**Exercise data:**
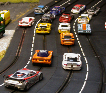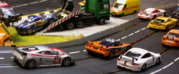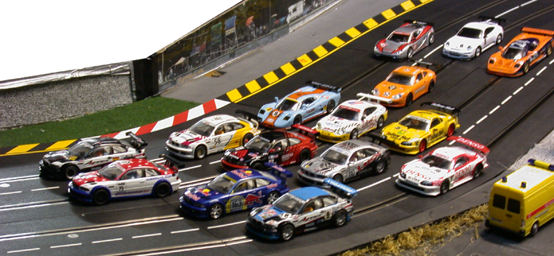 Nach wie vor im Einsatz. Die meisten dieser Ninco-BMWs sind seit Beginn der Kurse im Einsatz. Seit Anfang 2005 fahren sie zuverlässig im Kreis, ohne weitere Anfälligkeiten. Demnächst werden die Getriebe erneuert, dann sind sie bestimmt wieder wie neu. |
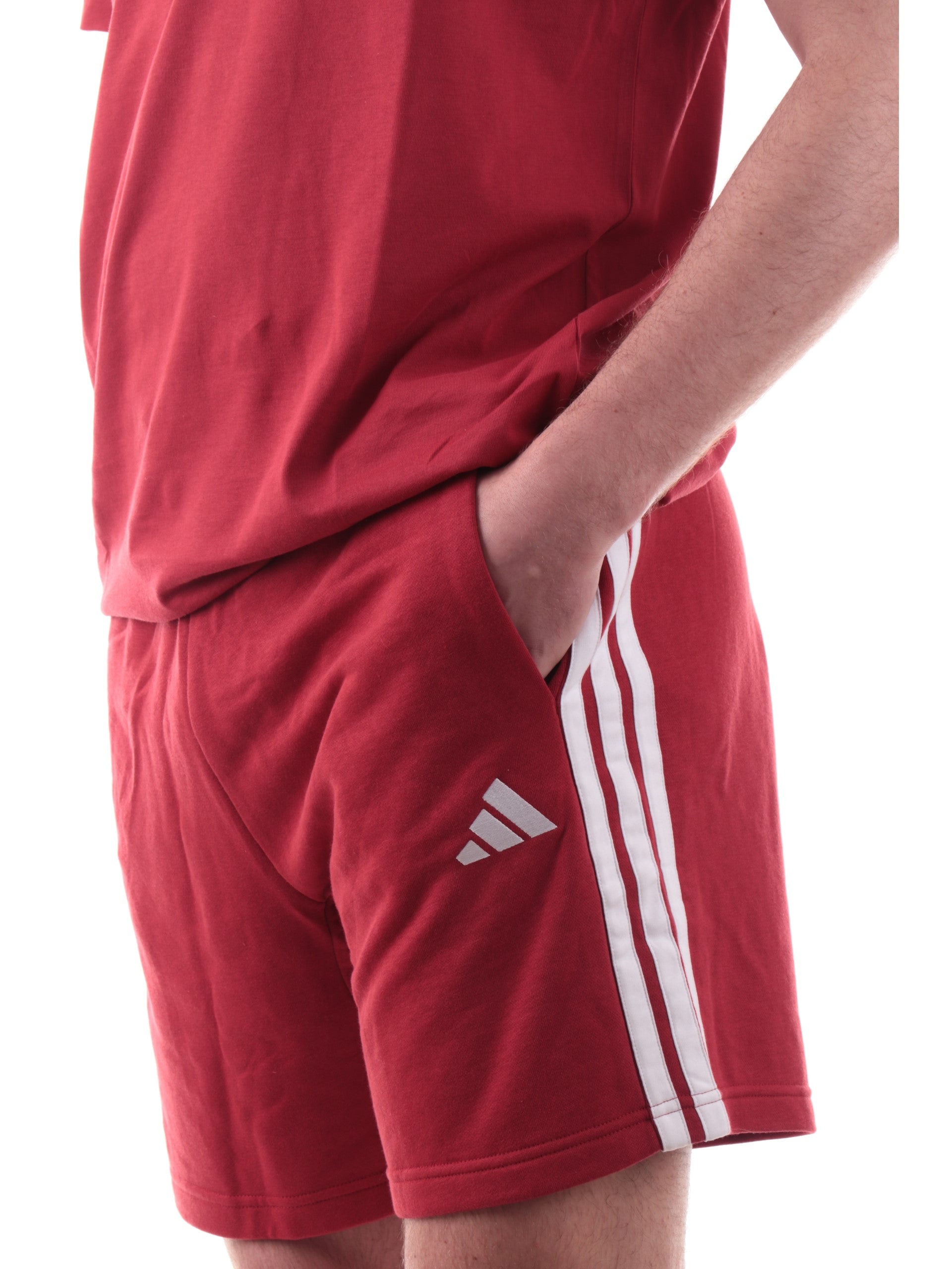 Shorts Adidas rossa 3Stripes da uomo logo Adidas ricamato, realizzati in cotone. Questi pantaloncini Adidas uomo hanno la banda elastica sul punto vita ragolabile con i lacci, due tasche laterali aperte, le 3Stripes ambo i lati e il logo Adidas ricamato.
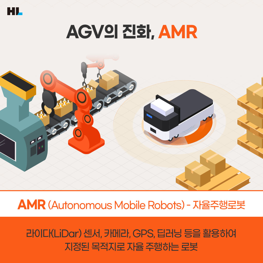 코로나19 이후 눈에 띄게 확대되고 성장한 분야 중 하나, 바로 물류 시장입니다. 이커머스 주문물량이 폭발적으로 증가하면서 물류 현장에는 노동력 부족 현상이 나타났고, 전 세계 물류센터들은 앞다퉈 자동화 설비 확충에 열을 올리고 있습니다. 그중에서 유독 눈에 띄는 모빌리티가 있습니다. 보다 효율적이고 정확한 물류 처리를 가능하게 하는 ‘OOO’는 이제 모든 물류 현장에서 선택이 아닌 필수라고 하는데요. 근로자들의 수고를 덜어주고 안전을 지켜줄 무인자동운반차 ‘AGV(Automated Guided Vehicles)와 AMR(Autonomous Mobile Robots)’를 소개합니다.
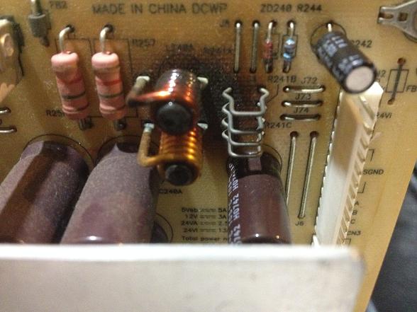 Nasty burnt area of PCB on the top left corner of the Power Supply (Should I say PSU from here out?) that is beneath cap CY5 (determined from looking at one of the other power supplies).
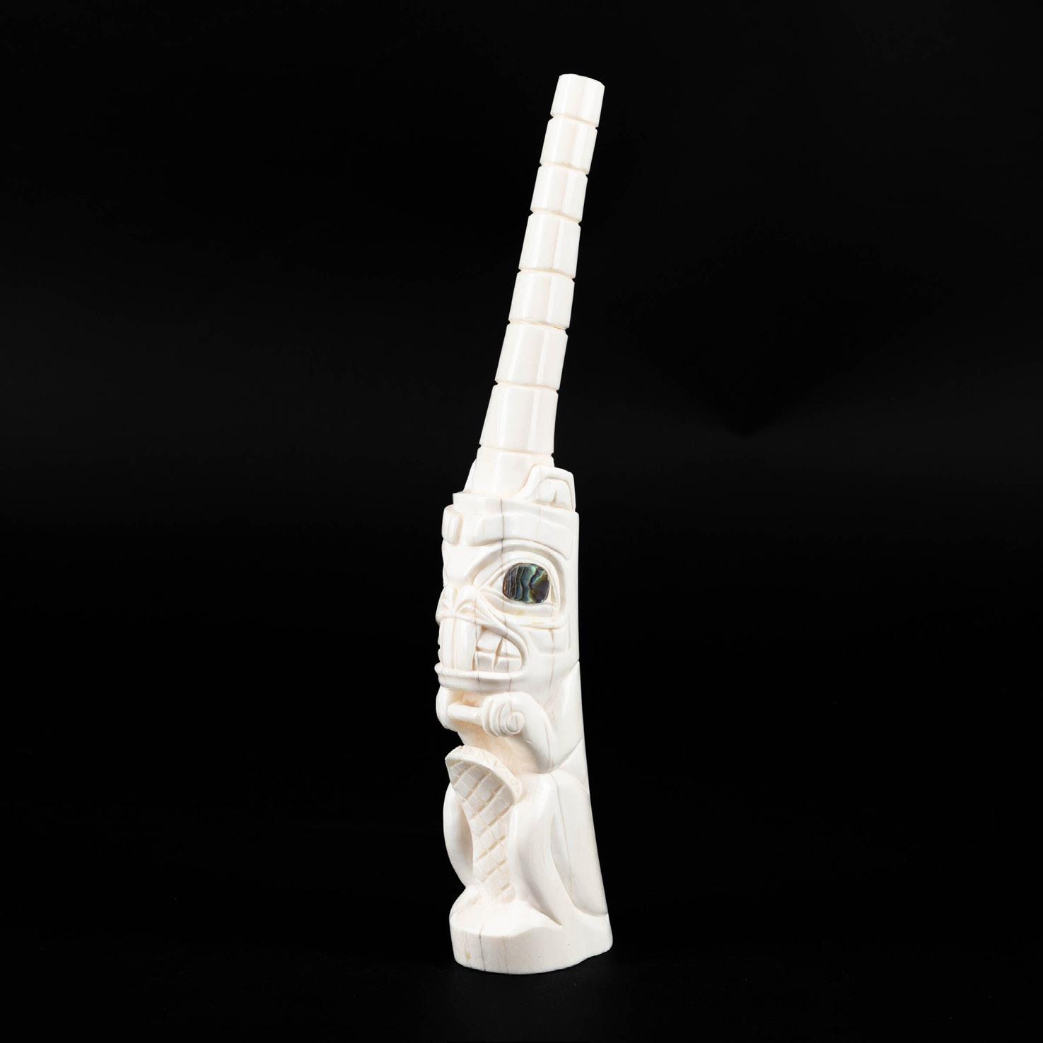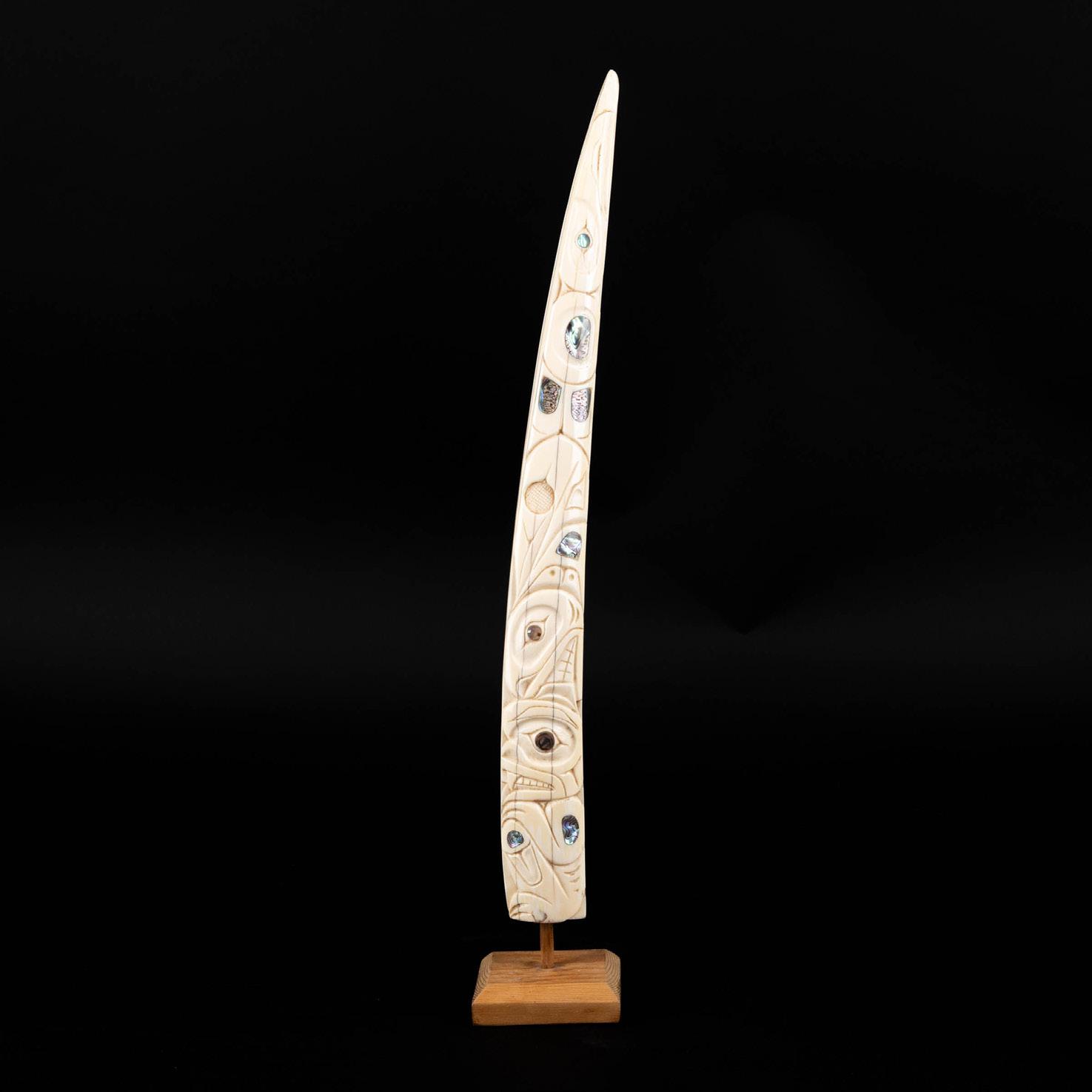 DANNY DENNIS (B. 1951), GITXSAN (GITKSAN) BEAVER WITH POTLATCH RINGS, 1980 ivory, abalone; signed “DD” and dated 10 x 1.25 x 2.5 in — 25.4 x 3.2 x 6.4 cm
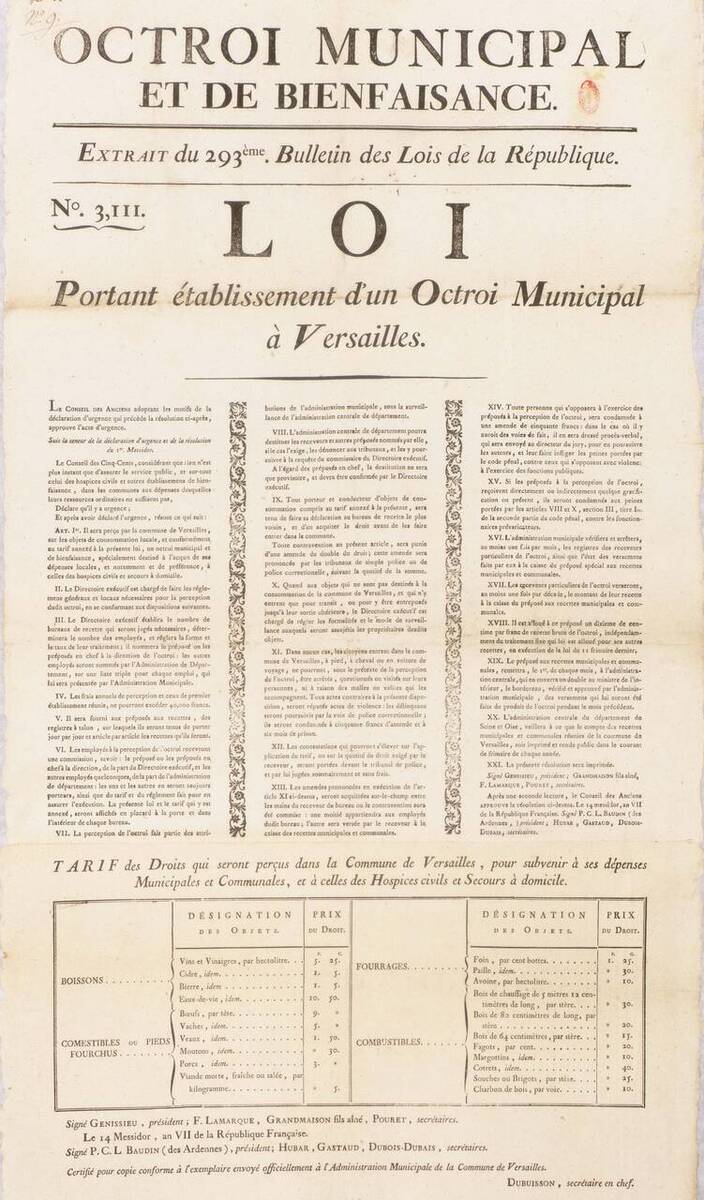 L’octroi de Versailles est perçu par le roi depuis 1745 ; celui de la municipalité est institué puis supprimé en 1790-1791, avant d’être à nouveau installé le 3 juillet 1799 avec fixation des tarifs de droits à percevoir.
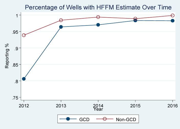 Roughly 95% of the well records in my final dataset had enough information for PV to estimate a HFFM. However, the actual proportion of well records detailing any information on water use by type is lower than this. Using an alternate metric for the level of reporting, equal to one if any information on water type was reported and zero otherwise, about 79% of well records contained at least some information on water type beyond a generic total water volume:
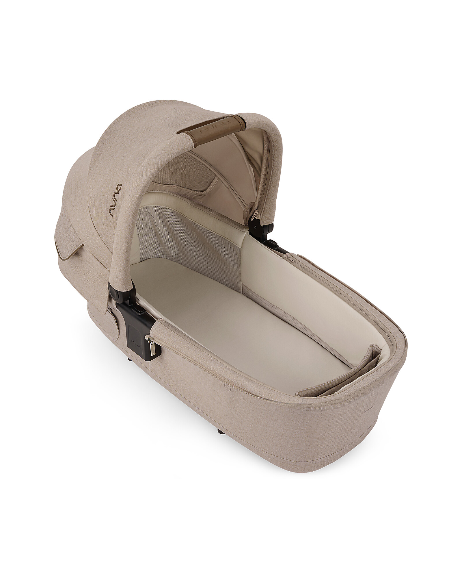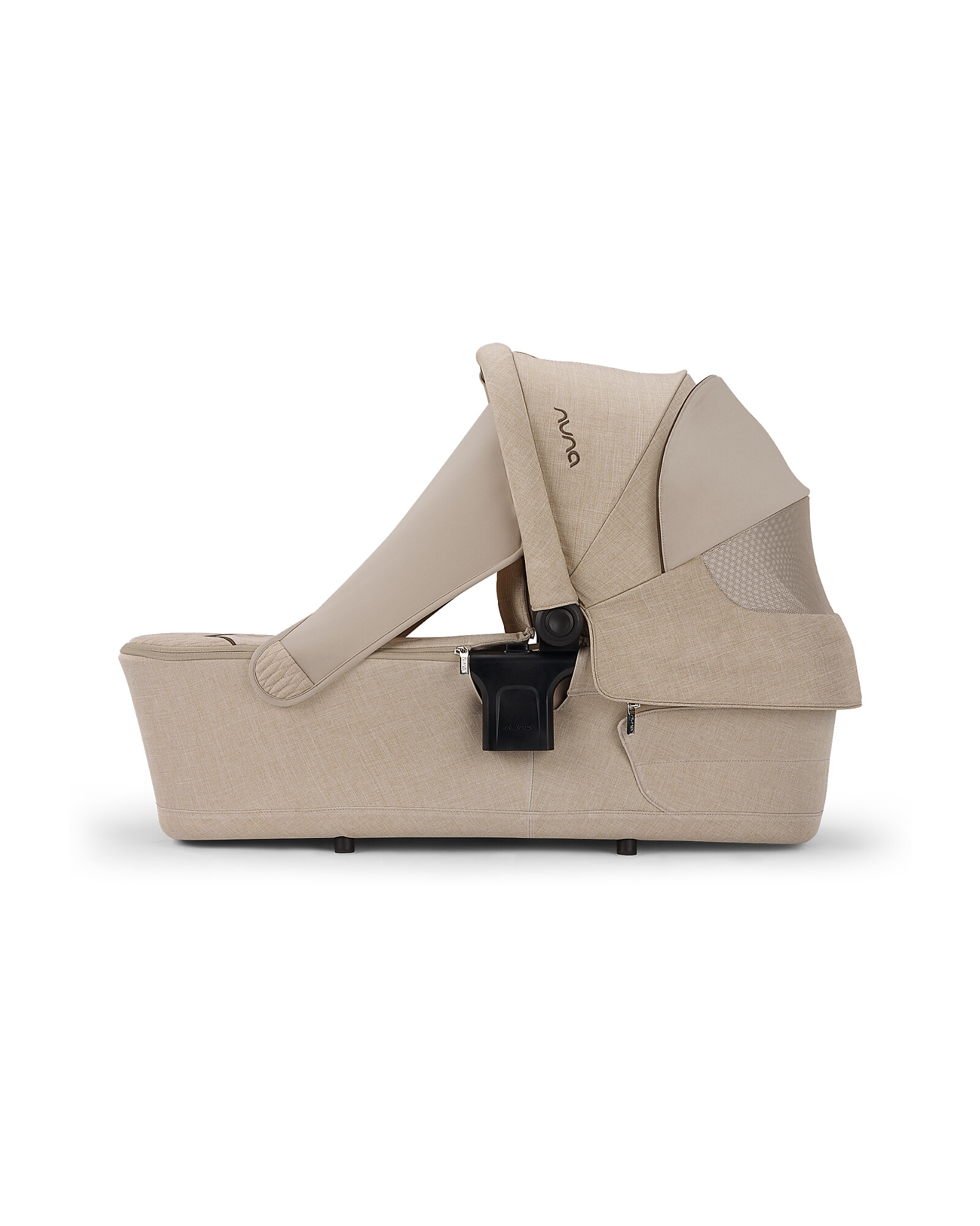 The UPF 50+ canopy, Nuna's iconic Dream drape™, and the included rain cover provide added protection from the elements and lovely, uninterrupted naps. Integrated memory release buttons and a hand-sewn leatherette carry handle make for a simple detachment from the pushchair frame–because new parents deserve snuggles not struggles.
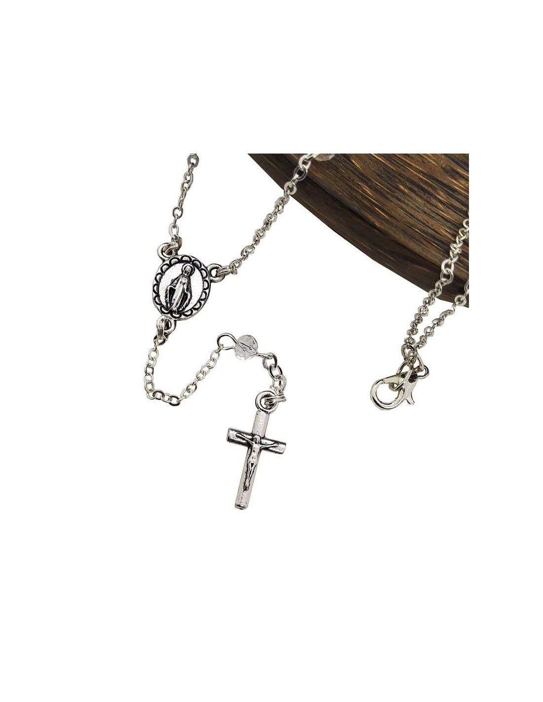 Verfraai je dagelijks leven met deze rozenkransketting, een discreet en sober religieus sieraad van verzilverd metaal en transparante kristallen kralen. De medaille heeft de beeltenis van de Wonderbaarlijke Maagd, een symbool van bescherming, liefde en genezing.
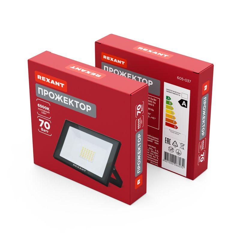 Прожектор светодиодный СДО 70 Вт 5600 Лм 6500К черный, код 605-037, производитель REXANT
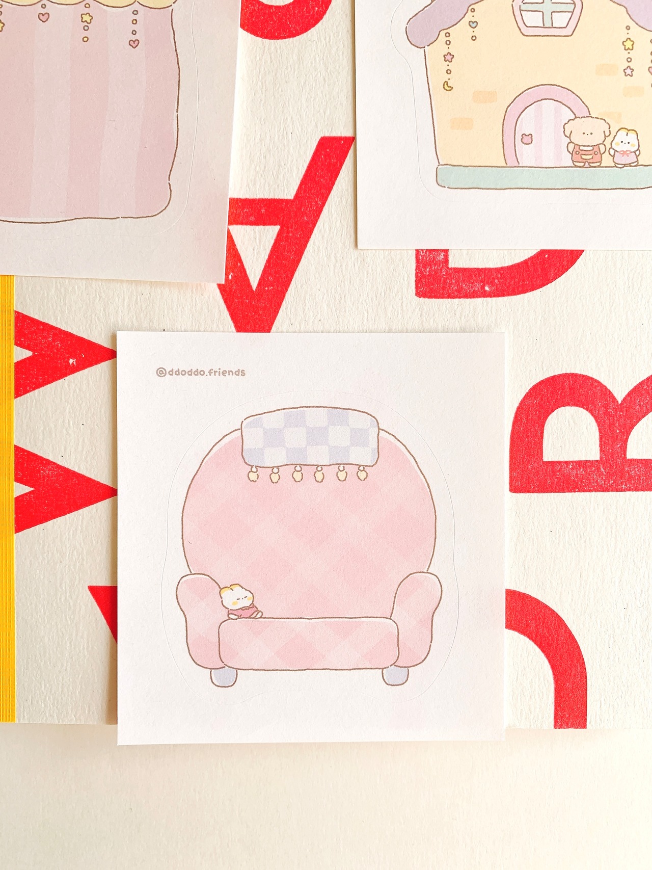 ピンクのソファ、紫の屋根のお家、ベッドこの3種類
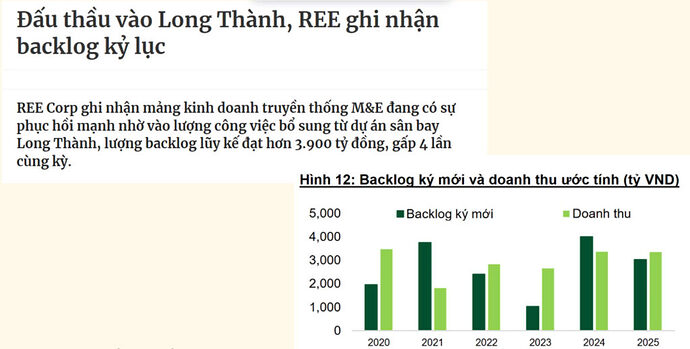 Backlog mảng cơ điện của Cổ phiếu REE cũng tăng trưởng gấp 4 lần trong năm 2024, đạt 3.902 tỷ đồng, chủ yếu nhờ dự án Sân bay Quốc tế Long Thành. Doanh thu và lợi nhuận từ dự án này dự kiến sẽ được hạch toán vào giai đoạn 2025-2026.
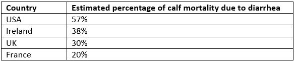 Calf diarrhea is one of the most commonly reported diseases on cattle farms and a major cause of economic loss to cattle producers worldwide. Table 1 shows the estimated percentage of all calf deaths caused by diarrhea in various countries.
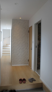 その他、玄関とリビングの壁にエコカラットを貼って、リビングには間接照明も設置して頂きました。
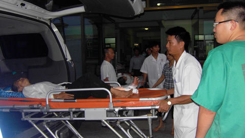 Nạn nhân được xe cấp cứu Bệnh viện đa khoa 115 Nghệ An chuyển đến cấp cứu ngay trong đêm. |

**What to work on:** Retype all the material word for word while skipping any picture it contains.

**Response to the exercise:**
 Nach wie vor im Einsatz. Die meisten dieser Ninco-BMWs sind seit Beginn der Kurse im Einsatz. Seit Anfang 2005 fahren sie zuverlässig im Kreis, ohne weitere Anfälligkeiten. Demnächst werden die Getriebe erneuert, dann sind sie bestimmt wieder wie neu. |
 Shorts Adidas rossa 3Stripes da uomo logo Adidas ricamato, realizzati in cotone. Questi pantaloncini Adidas uomo hanno la banda elastica sul punto vita ragolabile con i lacci, due tasche laterali aperte, le 3Stripes ambo i lati e il logo Adidas ricamato.
 코로나19 이후 눈에 띄게 확대되고 성장한 분야 중 하나, 바로 물류 시장입니다. 이커머스 주문물량이 폭발적으로 증가하면서 물류 현장에는 노동력 부족 현상이 나타났고, 전 세계 물류센터들은 앞다퉈 자동화 설비 확충에 열을 올리고 있습니다. 그중에서 유독 눈에 띄는 모빌리티가 있습니다. 보다 효율적이고 정확한 물류 처리를 가능하게 하는 ‘OOO’는 이제 모든 물류 현장에서 선택이 아닌 필수라고 하는데요. 근로자들의 수고를 덜어주고 안전을 지켜줄 무인자동운반차 ‘AGV(Automated Guided Vehicles)와 AMR(Autonomous Mobile Robots)’를 소개합니다.
 Nasty burnt area of PCB on the top left corner of the Power Supply (Should I say PSU from here out?) that is beneath cap CY5 (determined from looking at one of the other power supplies).
 DANNY DENNIS (B. 1951), GITXSAN (GITKSAN) BEAVER WITH POTLATCH RINGS, 1980 ivory, abalone; signed “DD” and dated 10 x 1.25 x 2.5 in — 25.4 x 3.2 x 6.4 cm
 L’octroi de Versailles est perçu par le roi depuis 1745 ; celui de la municipalité est institué puis supprimé en 1790-1791, avant d’être à nouveau installé le 3 juillet 1799 avec fixation des tarifs de droits à percevoir.
 Roughly 95% of the well records in my final dataset had enough information for PV to estimate a HFFM. However, the actual proportion of well records detailing any information on water use by type is lower than this. Using an alternate metric for the level of reporting, equal to one if any information on water type was reported and zero otherwise, about 79% of well records contained at least some information on water type beyond a generic total water volume:
 The UPF 50+ canopy, Nuna's iconic Dream drape™, and the included rain cover provide added protection from the elements and lovely, uninterrupted naps. Integrated memory release buttons and a hand-sewn leatherette carry handle make for a simple detachment from the pushchair frame–because new parents deserve snuggles not struggles.
 Verfraai je dagelijks leven met deze rozenkransketting, een discreet en sober religieus sieraad van verzilverd metaal en transparante kristallen kralen. De medaille heeft de beeltenis van de Wonderbaarlijke Maagd, een symbool van bescherming, liefde en genezing.
 Прожектор светодиодный СДО 70 Вт 5600 Лм 6500К черный, код 605-037, производитель REXANT
 ピンクのソファ、紫の屋根のお家、ベッドこの3種類
 Backlog mảng cơ điện của Cổ phiếu REE cũng tăng trưởng gấp 4 lần trong năm 2024, đạt 3.902 tỷ đồng, chủ yếu nhờ dự án Sân bay Quốc tế Long Thành. Doanh thu và lợi nhuận từ dự án này dự kiến sẽ được hạch toán vào giai đoạn 2025-2026.
 Calf diarrhea is one of the most commonly reported diseases on cattle farms and a major cause of economic loss to cattle producers worldwide. Table 1 shows the estimated percentage of all calf deaths caused by diarrhea in various countries.
 その他、玄関とリビングの壁にエコカラットを貼って、リビングには間接照明も設置して頂きました。
 Nạn nhân được xe cấp cứu Bệnh viện đa khoa 115 Nghệ An chuyển đến cấp cứu ngay trong đêm. |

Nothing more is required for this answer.